§ Aim of the exercise
Begin your transcription at the line containing "An elegant pair" and continue it, word for word, to the final line below. Include only those lines and skip the pictures.

§ Data segment
§ §
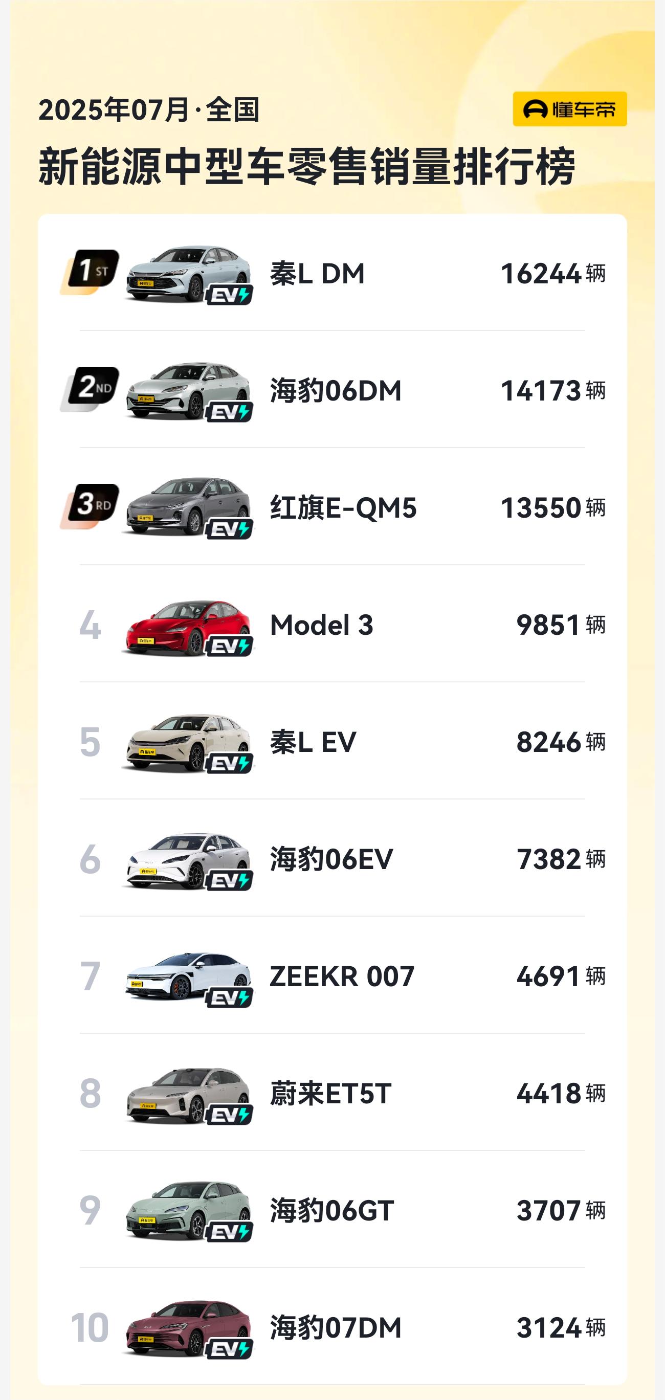 根据车型级别来看,预计深蓝L06同级车型包括比亚迪秦L DM/EV(指导价格9.98万元起)、比亚迪海豹06DM/EV(指导价格9.98万元起)等。结合销量数据显示,今年7月,在新能源中型车市场,销量前三名分别为比亚迪秦L DM(16244辆)、比亚迪海豹06DM(14173辆)以及红旗E-QM5(13550辆)。
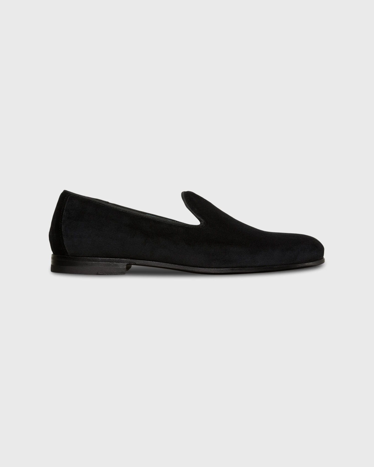 An elegant pair of evening slippers designed for black tie. They’re made in Italy from black velvet with grosgrain trim and a green calf leather lining… and they look killer with a tuxedo.
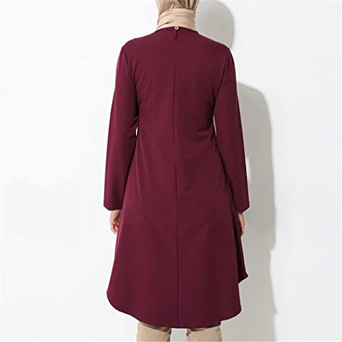 Women's Asymmetrical Blouse, Vintage Muslim Long Shirt, Casual Long Sleeve Female Button Tops Tunic, Wine Red, 4X-Large
§ §
§ Answer
 An elegant pair of evening slippers designed for black tie. They’re made in Italy from black velvet with grosgrain trim and a green calf leather lining… and they look killer with a tuxedo.
 Women's Asymmetrical Blouse, Vintage Muslim Long Shirt, Casual Long Sleeve Female Button Tops Tunic, Wine Red, 4X-Large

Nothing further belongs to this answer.